Sedangkan pembentang, berposisi di sebelah kanan. Ia membentang bendera dengan gerakan sigap dan tangkas saat kain selebar 2x3 meter itu siap untuk dikibarkan. Bahkan sebelum upacara dimulai, ia harus memastikan bahwa bendera itu dilipat dengan lipatan yang benar. Pembaca mungkin pernah melihat bendera terpelintir saat dibentangkan? Nah, itu akibat lipatan tidak dipastikan dengan benar.
Ketangkasan dan momen yang tepat dalam membentang juga perlu jadi perhatian.
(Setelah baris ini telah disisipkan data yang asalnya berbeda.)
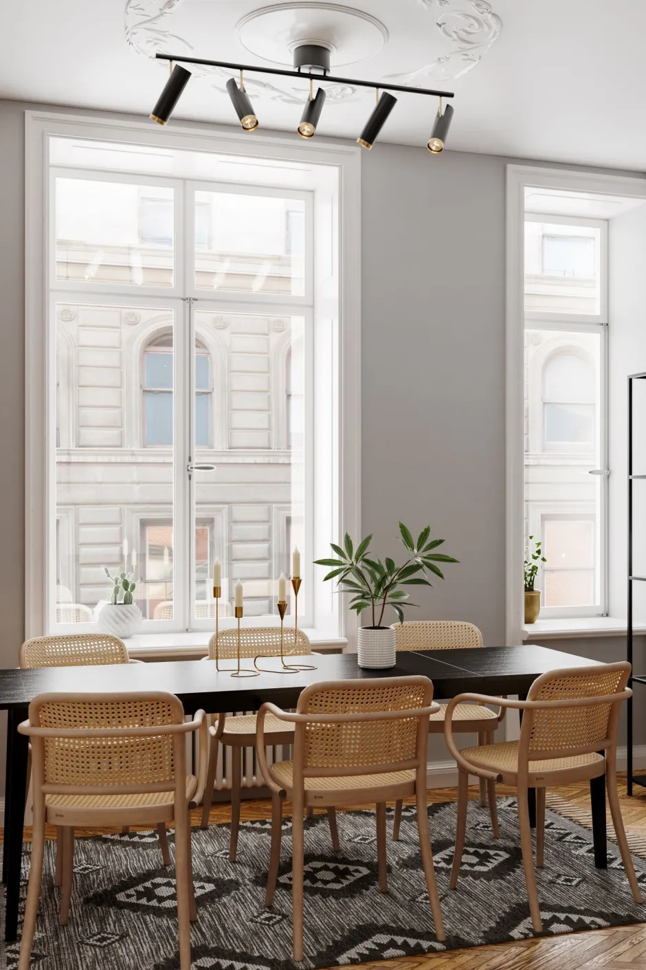 Die Schirme der Deckenleuchte sind dreh- und schwenkbar, was eine gezielte Beleuchtung erlaubt – für Licht genau da, wo es benötigt wird

Saat dibentang, bendera berbunyi seperti robekan. Empat sudut bendera mesti ditarik kencang. Satu sisi sampai lepas maka... gagal.
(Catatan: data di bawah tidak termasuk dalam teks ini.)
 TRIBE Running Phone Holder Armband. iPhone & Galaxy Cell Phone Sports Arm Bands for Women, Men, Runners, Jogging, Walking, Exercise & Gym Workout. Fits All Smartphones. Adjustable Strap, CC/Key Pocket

"Bendera, siap!" begitu teriakan khasnya saat bendera dibentangkan vertikal.
Nah, ada tiga momen paling mendebarkan saat pengibaran. Ini yang jadi indikasi bahwa pengibaran berhasil dilaksanakan. Pertama, proses serah terima bendera dari inspektur upacara kepada pembawa baki. Kedua, proses bendera dibentangkan saat sebelum dikibarkan. Dan ketiga, bendera menyentuh puncak saat lagu Indonesia Raya selesai berkumandang.
Nah apa yang terjadi jika ketiga momen berharga ini gagal? Tangan kanan bentuk posisi satu jari telunjuk, gesekkan ke leher horizontal dari kiri ke kanan. Penggal!!!Â
Satu pasukan akan menangis bombay meraung-raung. Lunglai seperti tentara kalah perang. Jangan coba-coba!!!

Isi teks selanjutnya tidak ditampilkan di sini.